Persistent AI assistants do not get memory for free. To stay coherent across days or weeks they periodically summarize and re-inject context — and that maintenance has an ongoing token cost that scales with your number of active sessions. This calculator makes that recurring spend visible.
How it works
Each refresh cycle has two cost components:
- Generation cost — output tokens spent producing the summary of recent conversation.

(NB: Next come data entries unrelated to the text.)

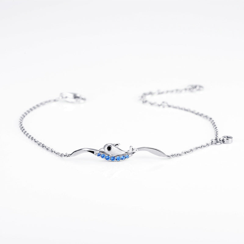 Swimming Dolphin with Blue Zircon Silver Bracelet for Women
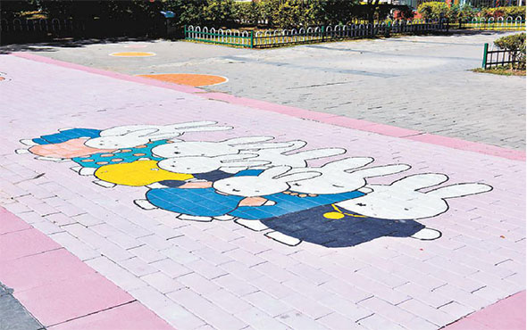 小廣場的地面和井蓋上手繪有卡通圖案,成為孩子們的樂園。
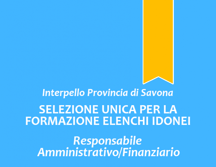 Interpello della Provincia di Savona - Elenco idonei "Responsabile Amministrativo/Finanziario"
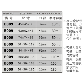 B009-10ML/B009- 30ML/B009-50ML/B009-100ML/B009-150ML/B009-180ML
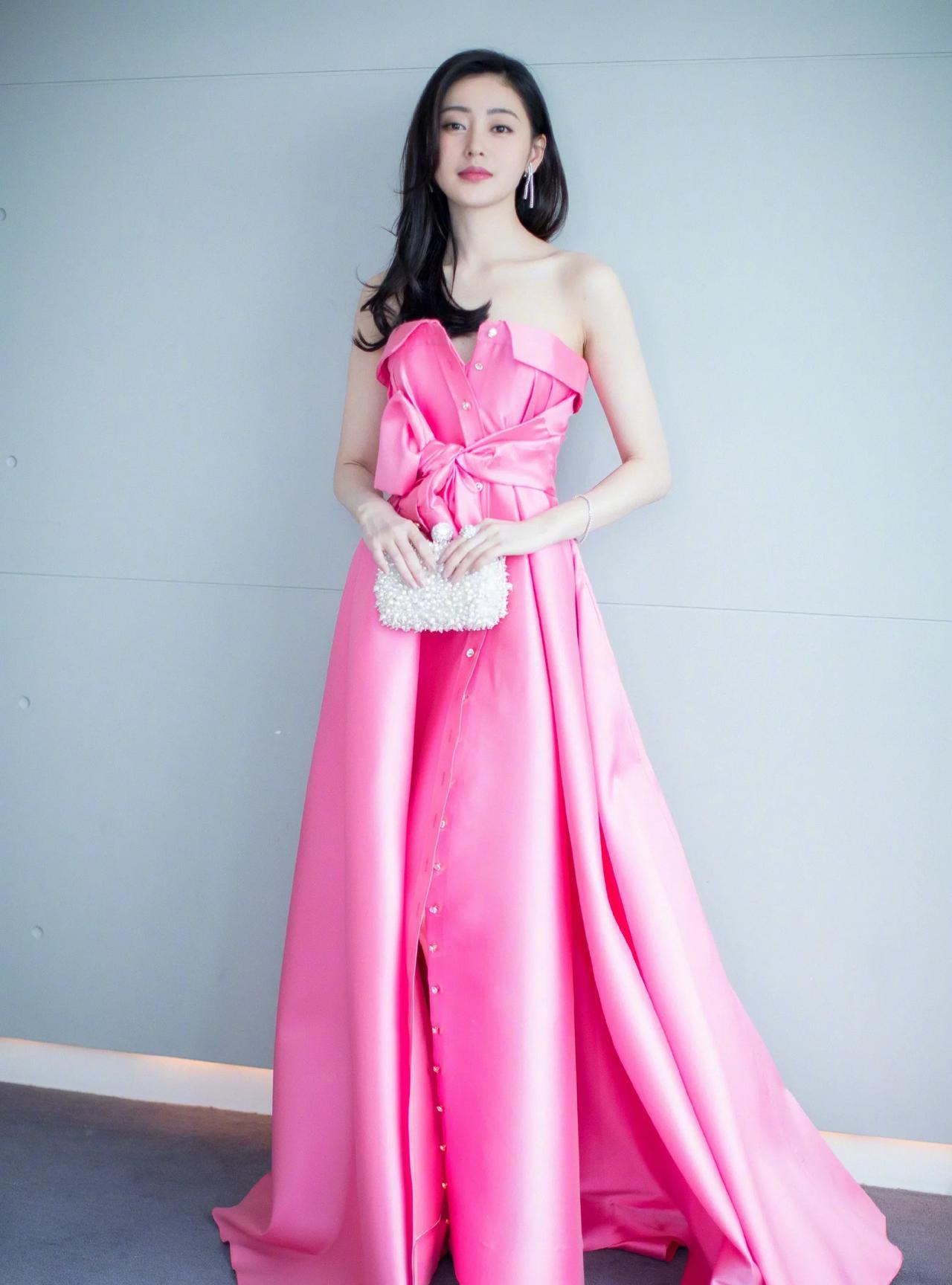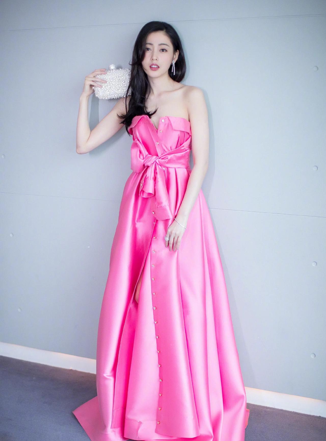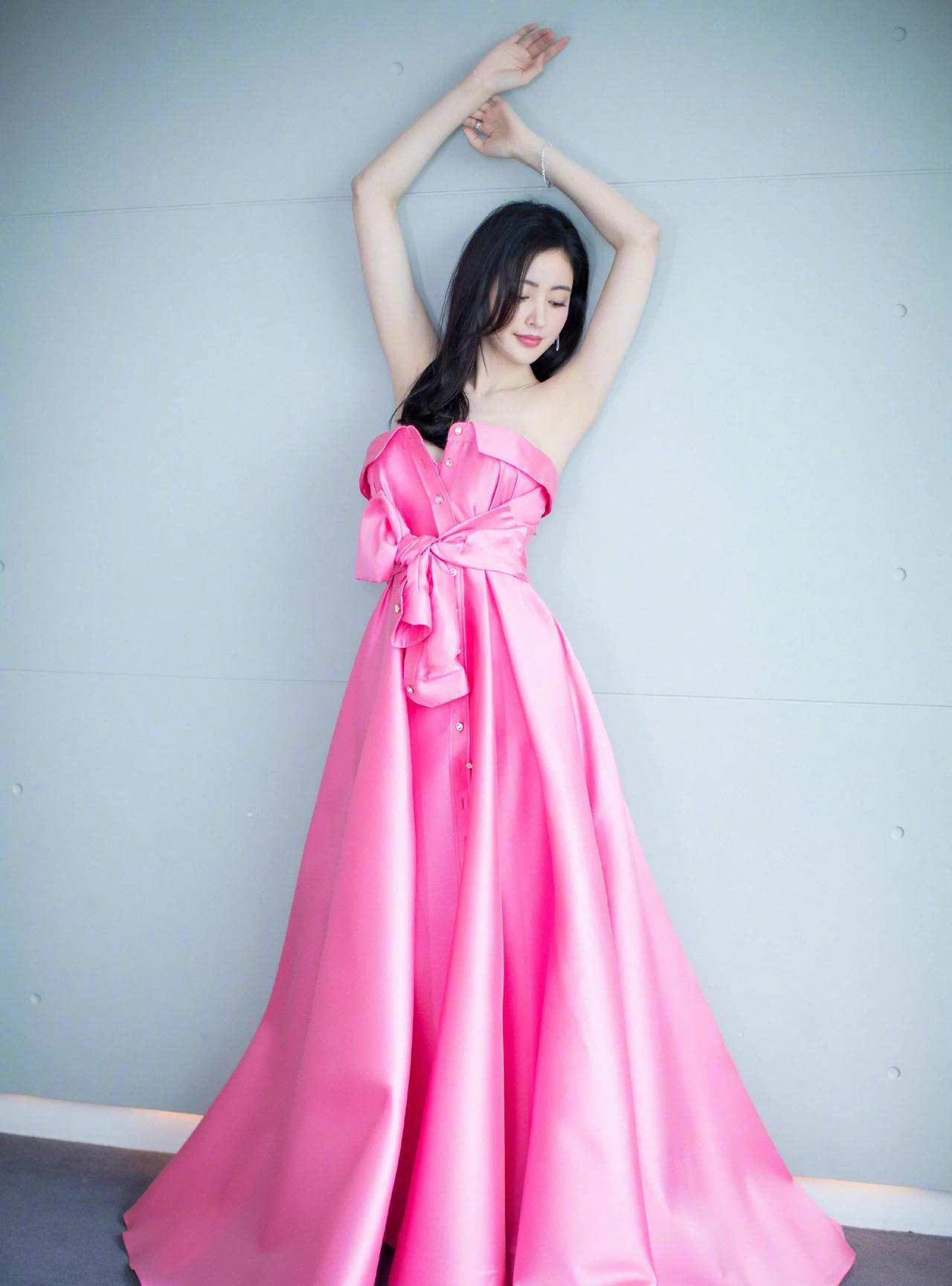 张天爱穿芭比粉抹胸裙,蝴蝶结掐出腰,珍珠包一拿,长发一甩,这身材性感得要“炸场”,美到开挂!
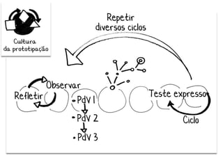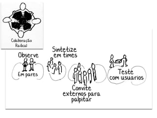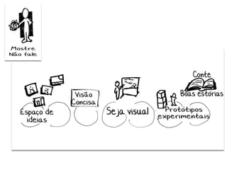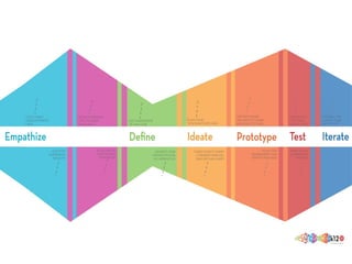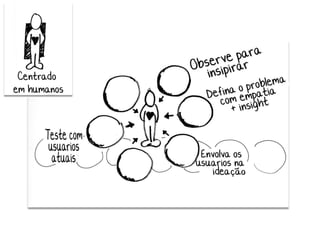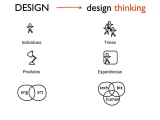 O documento é uma apresentação sobre Design Thinking, destacando a importância de entender o perfil dos alunos em cursos EAD para ações de marketing e relacionamento. É descrita uma abordagem centrada no ser humano que visa resolver problemas complexos através de quatro etapas: empatia, ideação, prototipagem e teste. O Design Thinking é apresentado como uma combinação de análise técnica e criatividade, com foco na inovação e na adequação às necessidades dos usuários.
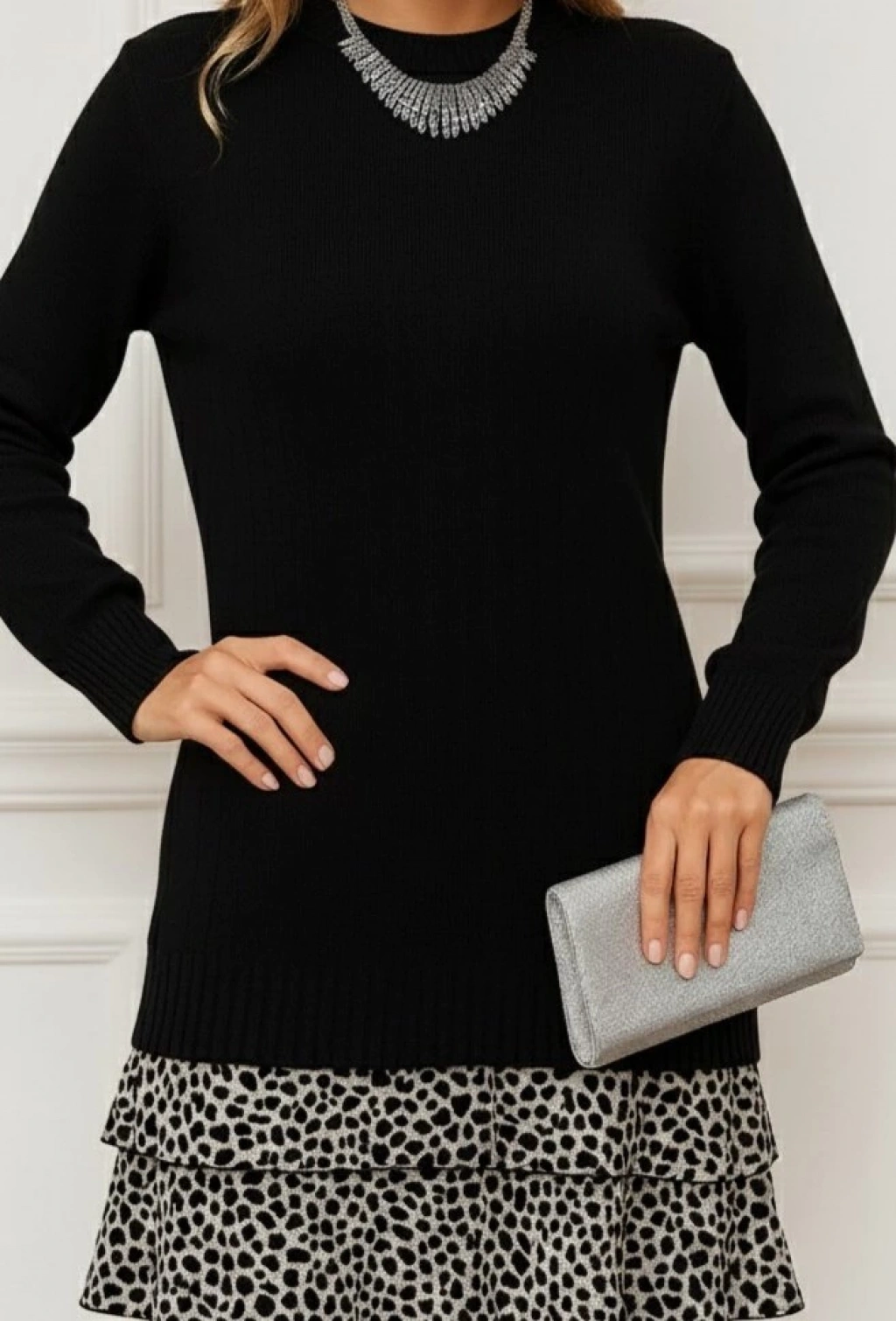 MDB Kadın Uzun Kollu üst şardonlu Kaşkorse Alt Süprem Desenli Elbise
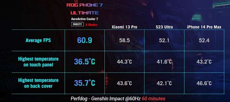 В этом году компания решила выпустить две версии: ROG Phone 7 и 7 Ultimate. Различий между ними не так много, как можно было бы ожидать. Более продвинутая версия имеет дополнителый 2-дюймовый экран для отображения информации на задней панели, а также автоматически открывающуюся заслонку для подключения кулера Aeroactive Portal, что повышает эффективность системы охлаждения. Вот разница в температурах с другими актуальными флагманами:
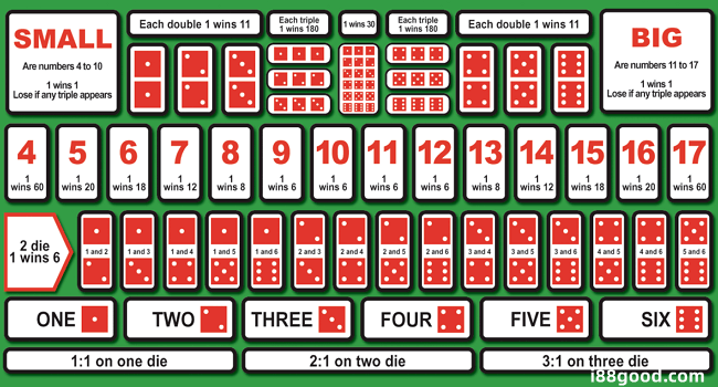 - 單骰:下注某個數字會出現1/2/3次,假設下1會出現1次,開出了1、4、4,那麼就是中獎;若是開出1、1、6,就是沒有中,要剛好才可以。
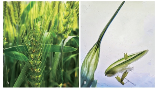 A. 麦穗近观;B. 小麦一朵小花(外稃具芒)
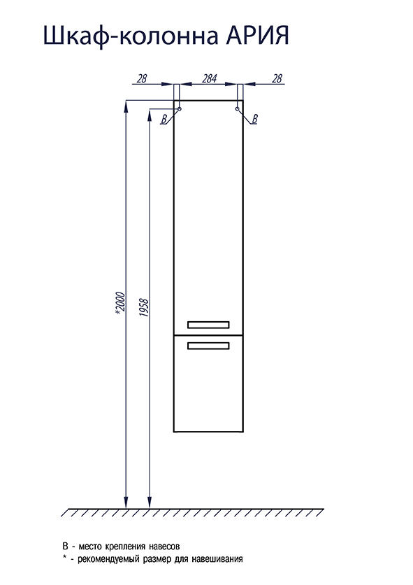 Подвесной шкаф-колонна Ария выполнен в современном лаконичном стиле из
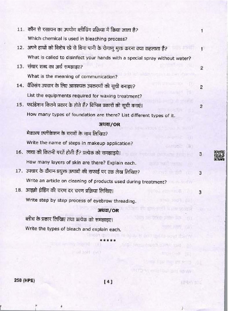 The complete class 10 Beauty and Wellness question paper is as follows.
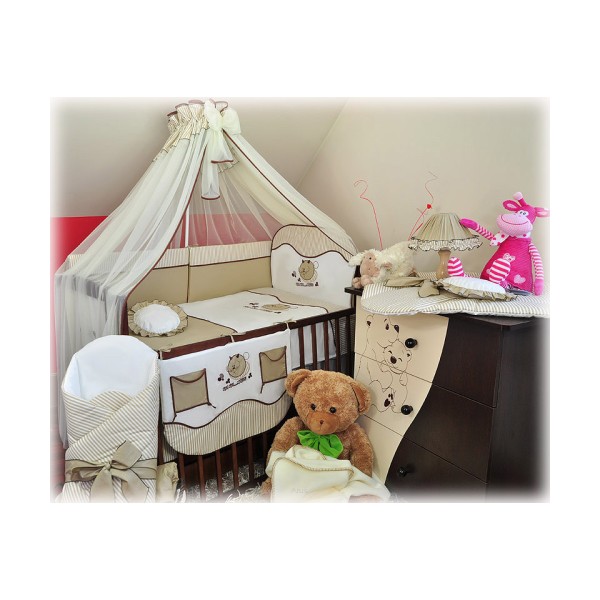 5 el.Pościel do łóżeczka 120x90 z moskitierą "PASKI" (beżowy kotek)
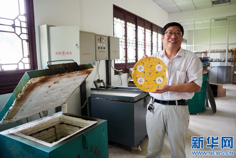 经过最后一次烤制,景德镇陶瓷大学教授、江西省陶瓷企业信息化工程技术研究中心主任章义来取出成品。章教授介绍,瓷盘的创意源于朋友圈一位77级的老学友“晒”录取通知书。很多老同学留言录取通知书早已丢失,实在遗憾。于是章义来教授提出,设计一个陶瓷纪念瓷盘,给入学新生一个永久纪念。(新华网发 吴百强 摄)
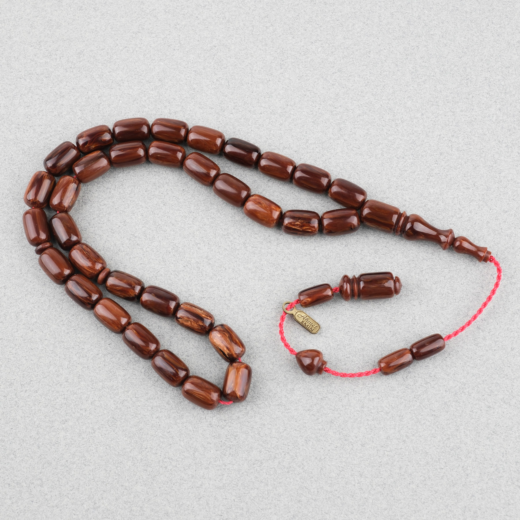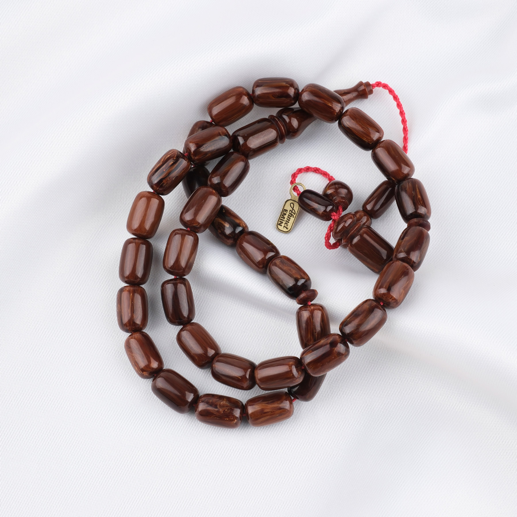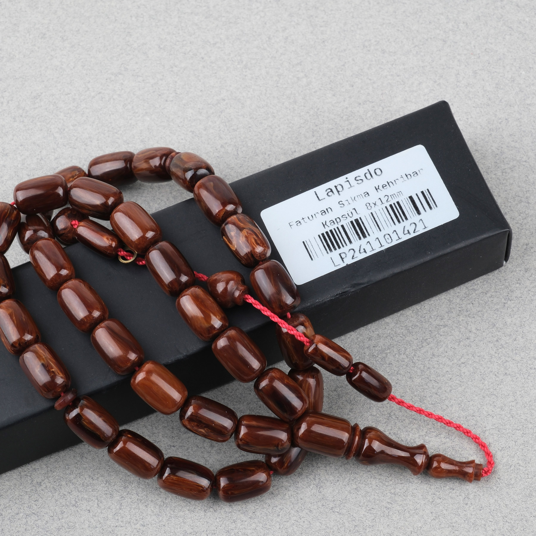 Sıkma Kehribar Faturan Kapsül Kesim 8x12mm Tesbih - Kahverengi

- Injection cost — input tokens spent re-inserting that summary into the prompt so the assistant carries it forward.
The tool computes:
cost per refresh = (gen_tokens × output_price + inject_tokens × input_price) / 1e6
monthly fleet cost = cost_per_refresh × refreshes_per_month × active_sessions
Refreshes per month derive from your chosen frequency. The result is broken into per-refresh, per-session-per-month, and whole-fleet totals.
Worked example
A support assistant that refreshes every 6 hours of active use, ~4 refreshes/day, 2,000 re-injection tokens and 600 generation tokens per refresh, at $1/1M input and $5/1M output, across 5,000 active sessions:
- Cost per refresh: (600 × $5 + 2,000 × $1) / 1e6 = $0.005
- Per session/month: $0.005 × 120 ≈ $0.60
- Fleet/month: $0.60 × 5,000 = $3,000
Context maintenance alone is a $36k/year line item — worth optimizing.
Tips
- Prompt caching is the biggest lever: model the cached input rate to see re-injection cost drop sharply.
- Summarize harder. Halving the re-injected size halves the dominant input cost.
- Tier dormant sessions so you only refresh ones in active use.
- Pair with the LLM API Cost Calculator to fold this into total spend.